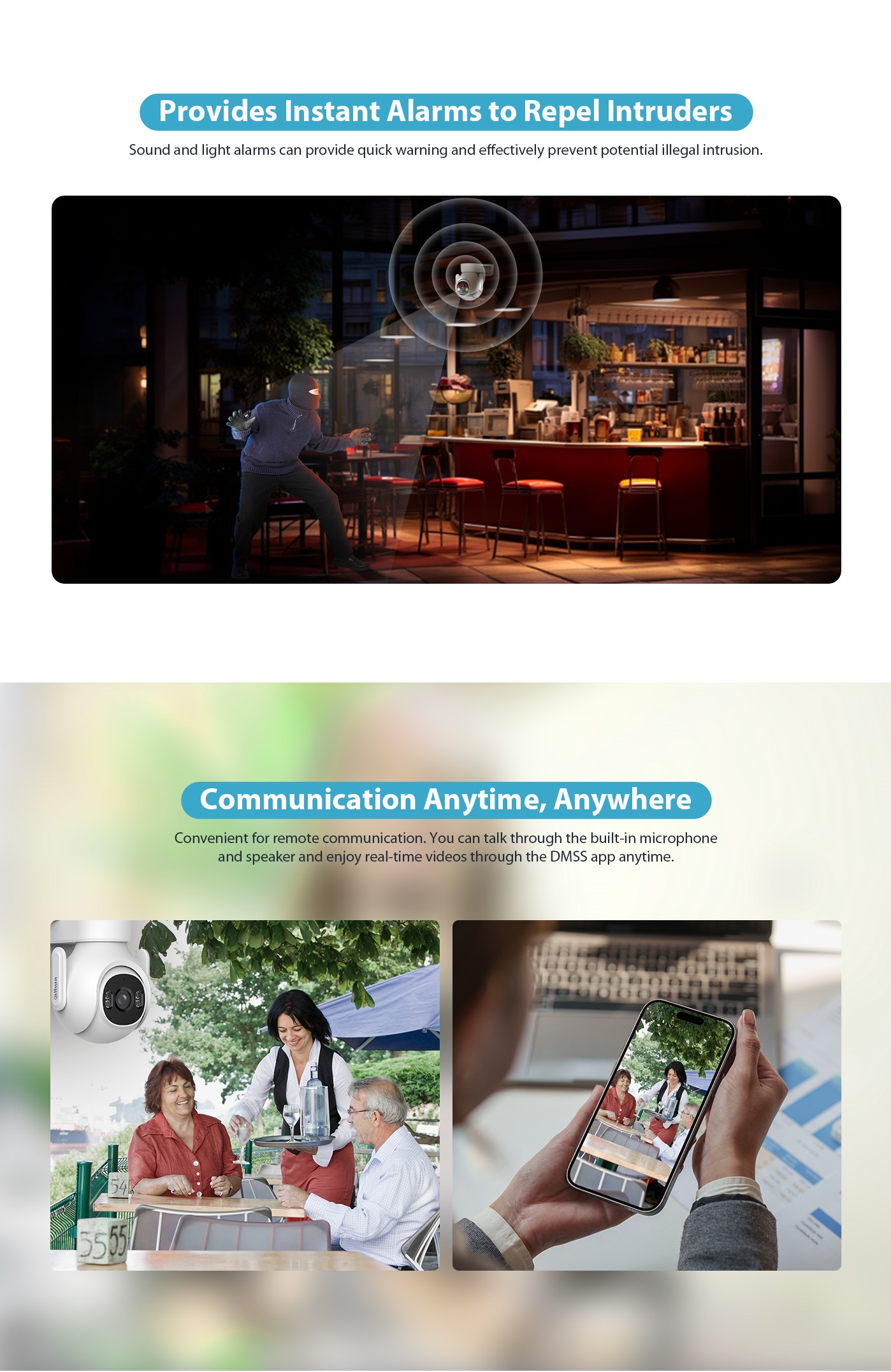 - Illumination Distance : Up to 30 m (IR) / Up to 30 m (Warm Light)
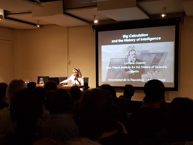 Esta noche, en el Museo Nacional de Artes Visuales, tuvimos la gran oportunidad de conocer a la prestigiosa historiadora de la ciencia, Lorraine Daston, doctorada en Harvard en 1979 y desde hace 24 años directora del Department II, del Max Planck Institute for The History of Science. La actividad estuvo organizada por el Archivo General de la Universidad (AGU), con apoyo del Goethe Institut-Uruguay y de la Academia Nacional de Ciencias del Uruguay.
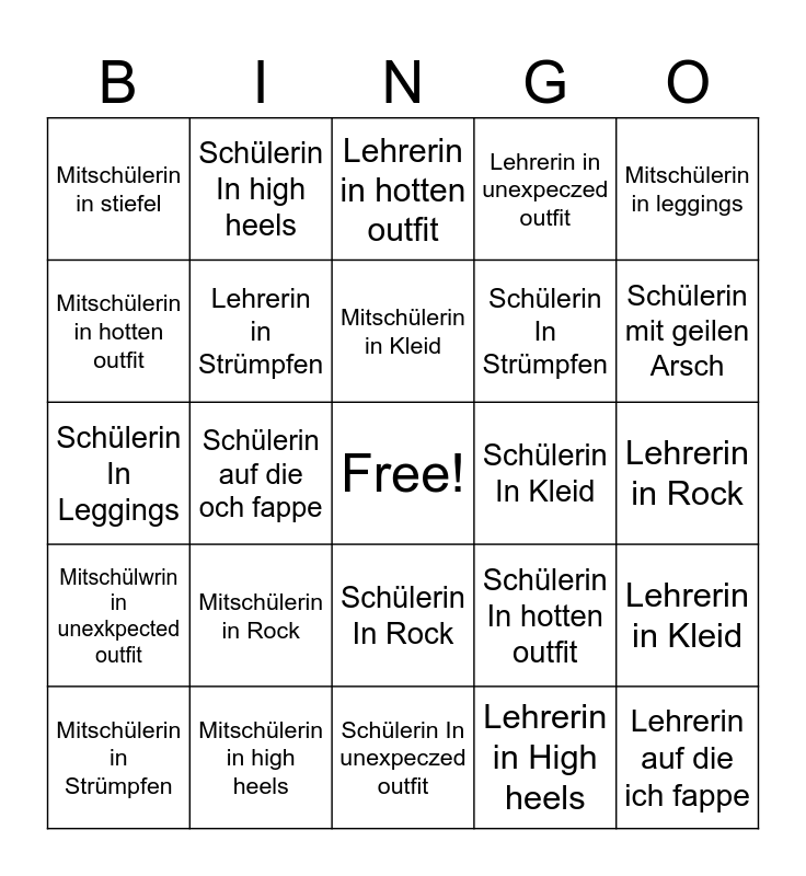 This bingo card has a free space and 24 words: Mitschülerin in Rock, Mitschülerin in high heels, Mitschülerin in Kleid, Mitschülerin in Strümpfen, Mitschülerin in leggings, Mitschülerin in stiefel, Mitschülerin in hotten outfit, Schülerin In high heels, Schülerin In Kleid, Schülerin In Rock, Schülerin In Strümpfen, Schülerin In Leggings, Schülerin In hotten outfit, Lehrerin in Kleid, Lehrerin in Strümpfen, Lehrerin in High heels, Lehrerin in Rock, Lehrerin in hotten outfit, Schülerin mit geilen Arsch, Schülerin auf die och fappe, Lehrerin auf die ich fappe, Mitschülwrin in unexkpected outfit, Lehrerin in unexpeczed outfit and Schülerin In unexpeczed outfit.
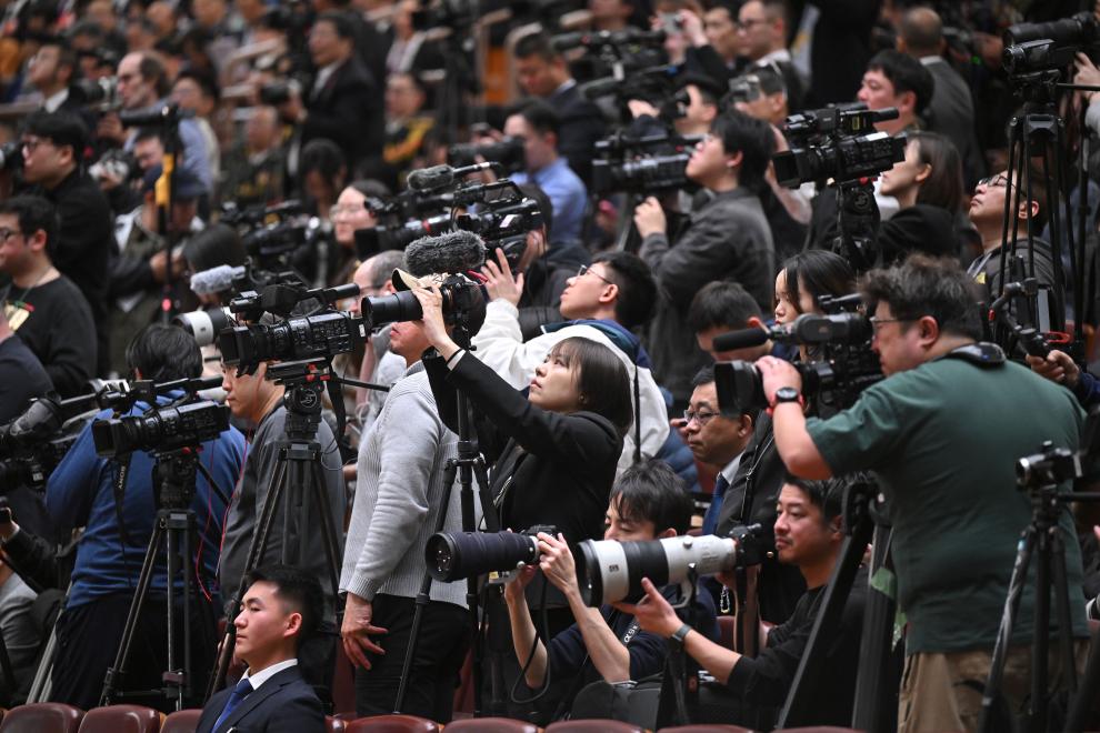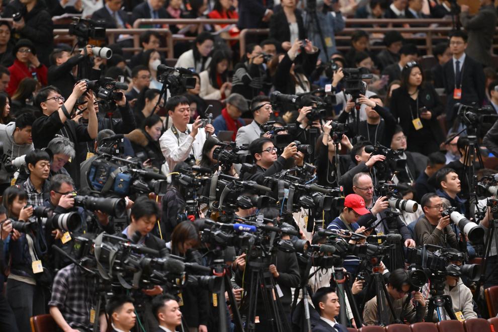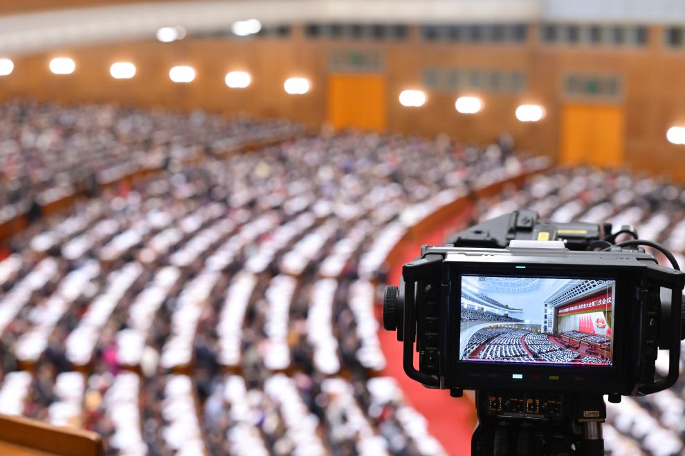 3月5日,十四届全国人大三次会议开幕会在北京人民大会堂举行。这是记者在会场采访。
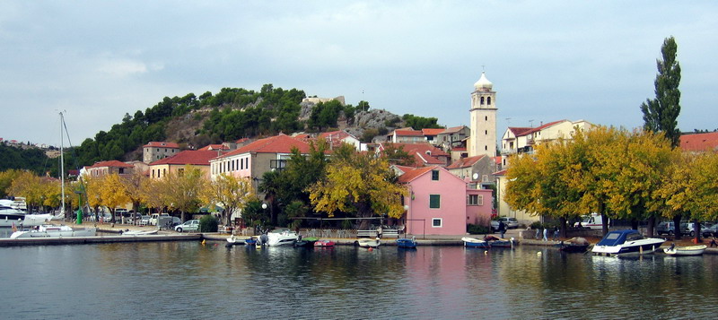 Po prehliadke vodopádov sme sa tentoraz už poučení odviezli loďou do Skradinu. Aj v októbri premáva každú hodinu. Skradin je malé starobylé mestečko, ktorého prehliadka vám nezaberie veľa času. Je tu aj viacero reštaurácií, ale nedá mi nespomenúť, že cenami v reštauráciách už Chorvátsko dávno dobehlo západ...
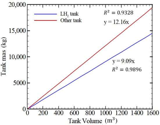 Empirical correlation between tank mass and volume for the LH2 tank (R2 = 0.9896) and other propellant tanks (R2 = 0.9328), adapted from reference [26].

★ ★ ★ ★ ★ ★ ★

• **What is expected**
Return the opening line of the data above and every line after it up to and including the line that holds "Esta noche, en"; pictures stay out.

• **The answer**
 - Illumination Distance : Up to 30 m (IR) / Up to 30 m (Warm Light)
 Esta noche, en el Museo Nacional de Artes Visuales, tuvimos la gran oportunidad de conocer a la prestigiosa historiadora de la ciencia, Lorraine Daston, doctorada en Harvard en 1979 y desde hace 24 años directora del Department II, del Max Planck Institute for The History of Science. La actividad estuvo organizada por el Archivo General de la Universidad (AGU), con apoyo del Goethe Institut-Uruguay y de la Academia Nacional de Ciencias del Uruguay.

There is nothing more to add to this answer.